君との子がほしい~エリート脳外科医とお見合い溺愛結婚~
互いの仕事に関しての会話を繰り広げていると、スタッフが前菜を運んでくる。
グラスにはスパークリングウォーターも注がれていき、久世先生が「食べようか」と言ってくれた。
「はい。いただきます」
普段はあまり食べる機会のないラディッシュやビーツといったカラフルな野菜たちと、海老やホタテが載った前菜はオシャレな絵のように見える。
「でも、驚きました」
食事を始めて一旦会話が途切れ、私のほうから話題を切り出す。
久世先生はナイフとフォークを手にプレートの上に落としていた視線を私に向ける。
「驚いた?」
「はい。
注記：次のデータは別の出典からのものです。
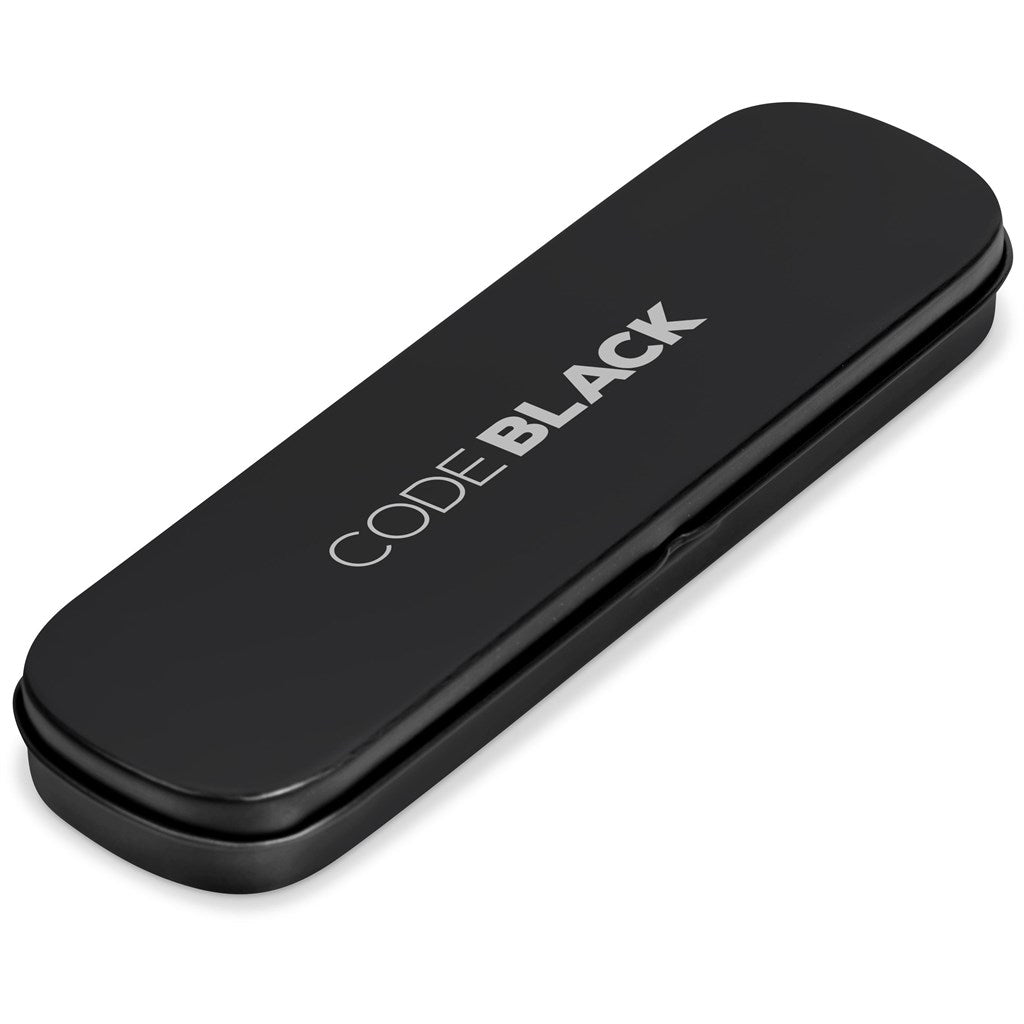 This metal ball pen has a striking carbon fibre look barrel and matte gun metal trims. It's packaged in a black tin box and both the pen and the box can be branded with your logo or message.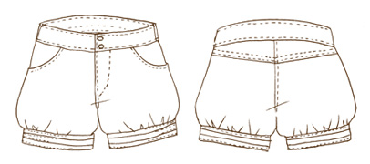 ショートパンツはかぼちゃパンツ風に、裾に少しギャザーが入ります。座らせてもヒップが出ないように、前パンツに対して後ろパンツはかなり股上深めの作りにしています。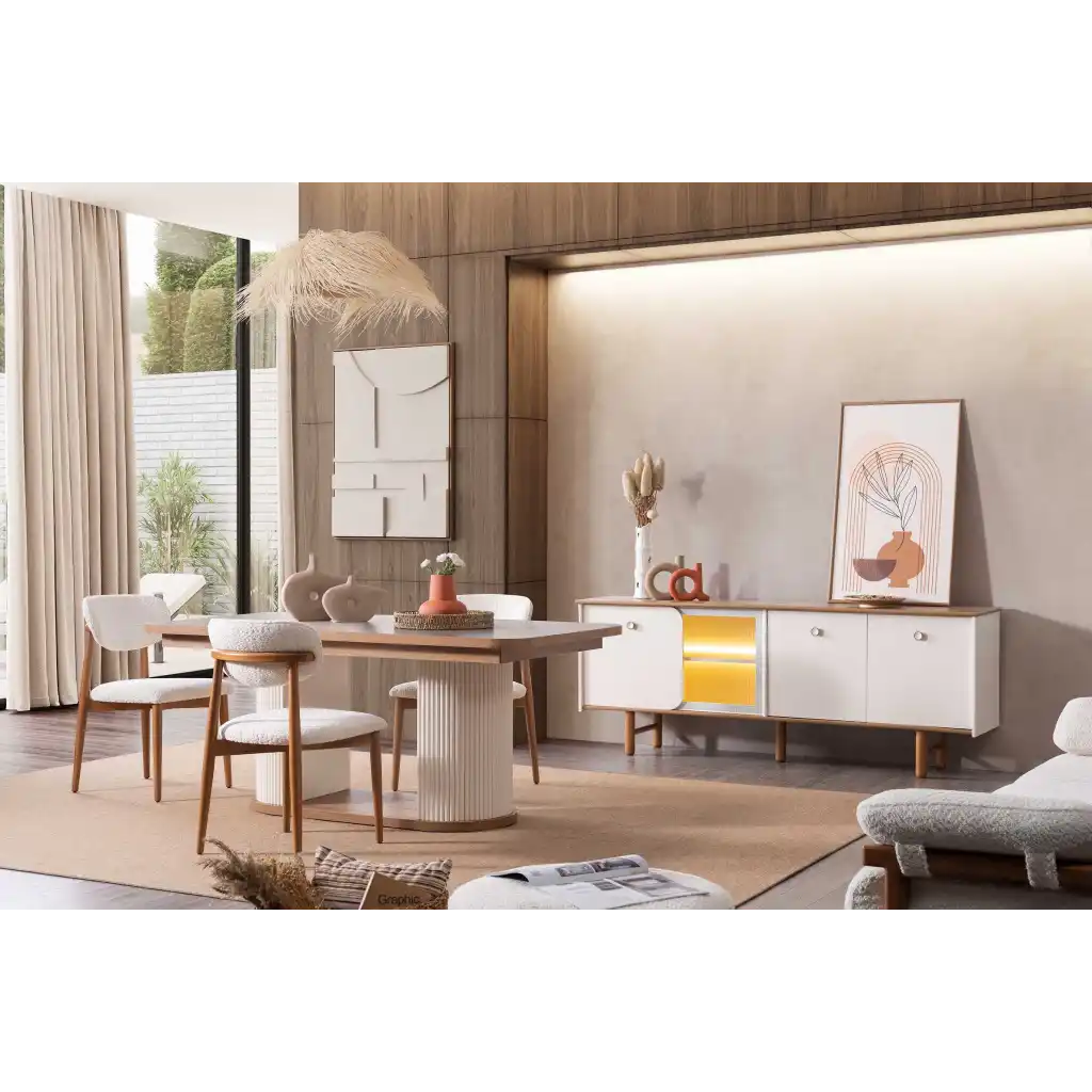 Occo Home Mobilya tarafından tasarlanan Inegol Mobilyası Virjin Yemek Odası, modern ve şık tasarımı ile yaşam alanlarınıza zarif bir hava katıyor.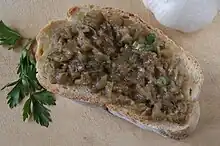 μια φέτα ψωμί αλειμμένη με μελιτζανοσαλάτα

自分の受け持つ子を以前診てもらった先生に、自分も診てもらうことになって。その先生が、うちの母のお店の常連さんだと聞いて更にビックリしました」
今さっき世間は狭いなと思ったばかり。
母も私がケガをして搬送された先で久世先生に診てもらっていたことに、あの日驚いたとさっき話していた。
「それは俺も同じ。都築さんを診ることになったときあれ?って思ったし、家族で聡子さんが来たときには更に驚いた」
私だけでなく、久世先生も同様に驚いたようだ。